Reviewed-by: Srikar Dronamraju <srikar@linux.ibm.com>
--
Thanks and Regards
Srikar Dronamraju
On Sun, Mar 30, 2025 at 01:17:34PM +0530, Madadi Vineeth Reddy wrote:
> Commit 030bdc3fd080 ("powerpc/defconfigs: Set HZ=100 on pseries and ppc64
> defconfigs") lowered CONFIG_HZ from 250 to 100, citing reduced need for a
> higher tick rate due to high-resolution timers and concerns about timer
> interrupt overhead and cascading effects in the timer wheel.
>
> However, improvements have been made to the timer wheel algorithm since
> then, particularly in eliminating cascading effects at the cost of minor
> timekeeping inaccuracies. More details are available here
> https://lwn.net/Articles/646950/. This removes the original concern about
> cascading, and the reliance on high-resolution timers is not applicable
> to the scheduler, which still depends on periodic ticks set by CONFIG_HZ.
>
> With the introduction of the EEVDF scheduler, users can specify custom
> slices for workloads. The default base_slice is 3ms, but with CONFIG_HZ=100
> (10ms tick interval), base_slice is ineffective. Workloads like stress-ng
> that do not voluntarily yield the CPU run for ~10ms before switching out.
> Additionally, setting a custom slice below 3ms (e.g., 2ms) should lower
> task latency, but this effect is lost due to the coarse 10ms tick.
>
> By increasing CONFIG_HZ to 1000 (1ms tick), base_slice is properly honored,
> and user-defined slices work as expected. Benchmark results support this
> change:
>
> Latency improvements in schbench with EEVDF under stress-ng-induced noise:
>
> Scheduler CONFIG_HZ Custom Slice 99th Percentile Latency (µs)

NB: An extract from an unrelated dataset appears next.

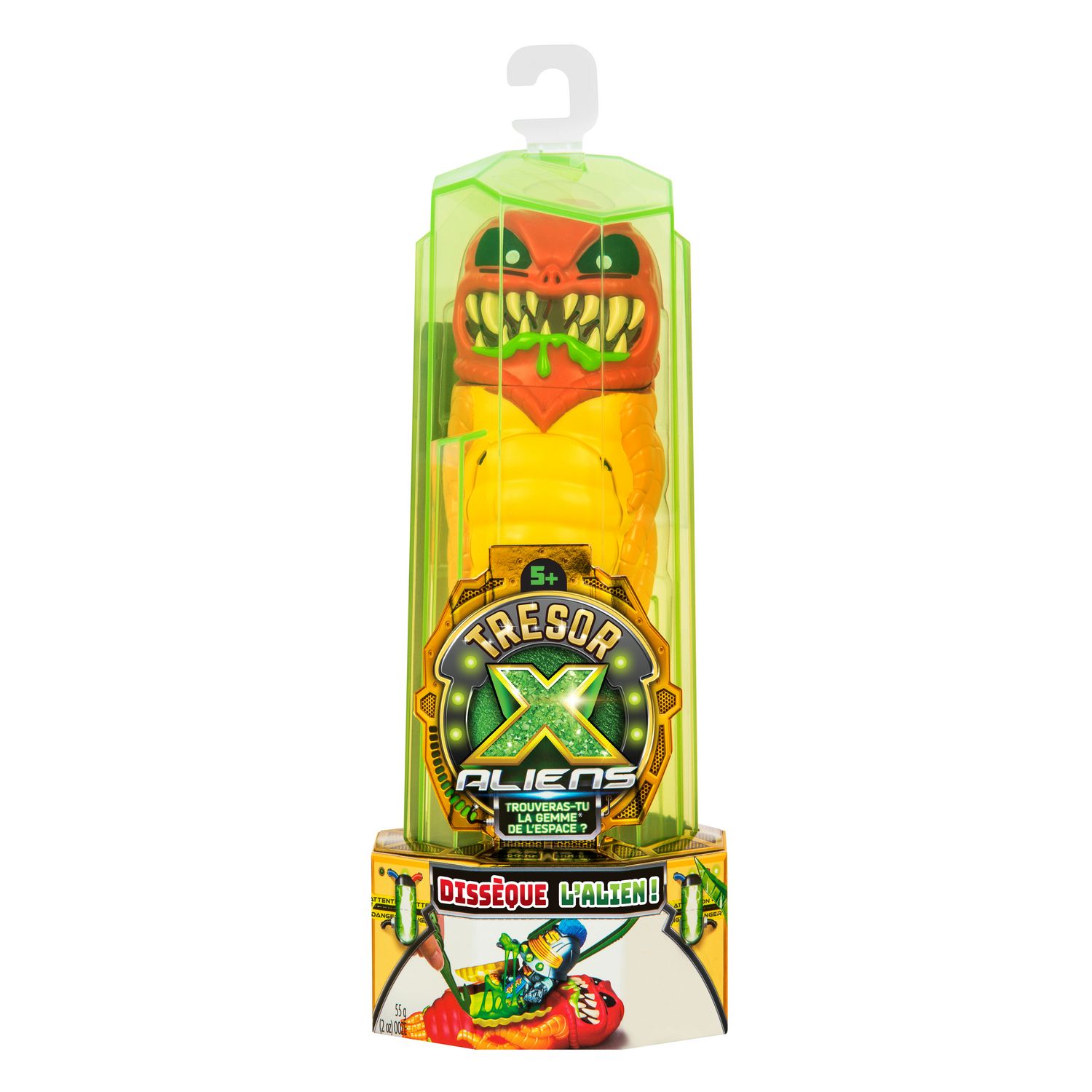 Ce coffret Trésor X Aliens te propose une mission surprenante et... gluante ! Dissèque l'Alien rouge pour découvrir le Chasseur de Trésor emprisonné. À l'aide de l'outil fourni, tu devras découper l'estomac de l'Alien afin de libérer la figurine coincé dans du Slime. Tu trouveras également une arme et peut-être même un joyau de l'espace rare !

> --------------------------------------------------------------------
> EEVDF 1000 No 0.30x
> EEVDF 1000 2 ms 0.29x
> EEVDF (default) 100 No 1.00x
>
NIT: default value on top would be a little less confusing.
> Switching to HZ=1000 reduces the 99th percentile latency in schbench by
> ~70%. This improvement occurs because, with HZ=1000, stress-ng tasks run
> for ~3ms before yielding, compared to ~10ms with HZ=100. As a result,
> schbench gets CPU time sooner, reducing its latency.
>
> Daytrader Performance:
>
> Daytrader results show minor variation within standard deviation,
> indicating no significant regression.
>
> Workload (Users/Instances) Throughput 1000HZ vs 100HZ (Std Dev%)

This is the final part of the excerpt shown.